Knowing I didn't want it to spoil, I had DH shred up the zucchini last night as he watched the Olympics and I pullled out my handy-dandy Pillsbury Joy of Baking cookbook for the Chocolate-Chip Zucchini Cake recipe.
As I go to pull together all the ingredients, I can't find the butter...none in the refrigerator, none in the freezer, and none downstairs in the storage freezer.
NO BUTTER IN THE HOUSE? Really?
Once the Real Housewives of New Jersey finishes, I hop into the car and drive to Trader Joe's to get some butter...four pounds.
Thought maybe I should share this recipe with you, as it's definitely zucchini season now....and this recipe is truly the best!

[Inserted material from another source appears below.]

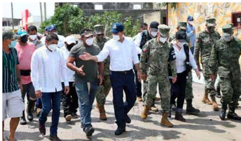
El Gobierno del Estado destaca buena respuesta de la población, ante los embates del huracán Delta.

CHOCOLATE CHIP ZUCCHINI CAKE
Sheet cakes are perfect for any occasion and they're quick and easy to make. This one is great baked as a loaf and left unfrosted, or can be frosted with your favorite chocolate frosting. Choose small, firm zucchini to use in this recipe.
1 1/2 cups sugar
1/2 cup butter, softened
1/4 cup oil
1 teaspoon vanilla
2 1/2 cups all purpose flour
1/4 cup unsweetened cocoa
1 teaspoon baking soda
1/2 cup buttermilk
2 cups shredded zucchini
1/2 to 1 cup semi-sweet chocolate chips
1/2 cup chopped nuts
Heat oven to 350 degrees. Grease and flour 13x9-inch pan. In a large bowl combine, sugar, butter, oil, vanilla and eggs; beat well. Add flour, cocoa, baking soda and buttermilk; blend well. Fold in zucchini, chocolate chips, and nuts. Spread in greased and floured pan.
Bake at 350 degrees for 35 to 45 minutes or until toothpick inserted into center comes out clean. Cool completely. Frost as desired.
Yield: 16 servings
High Altitude: Above 3,500 feet: Bake at 375 degrees for 30-40 minutes
Nutrition Information: Let's just say you really, really don't want to know.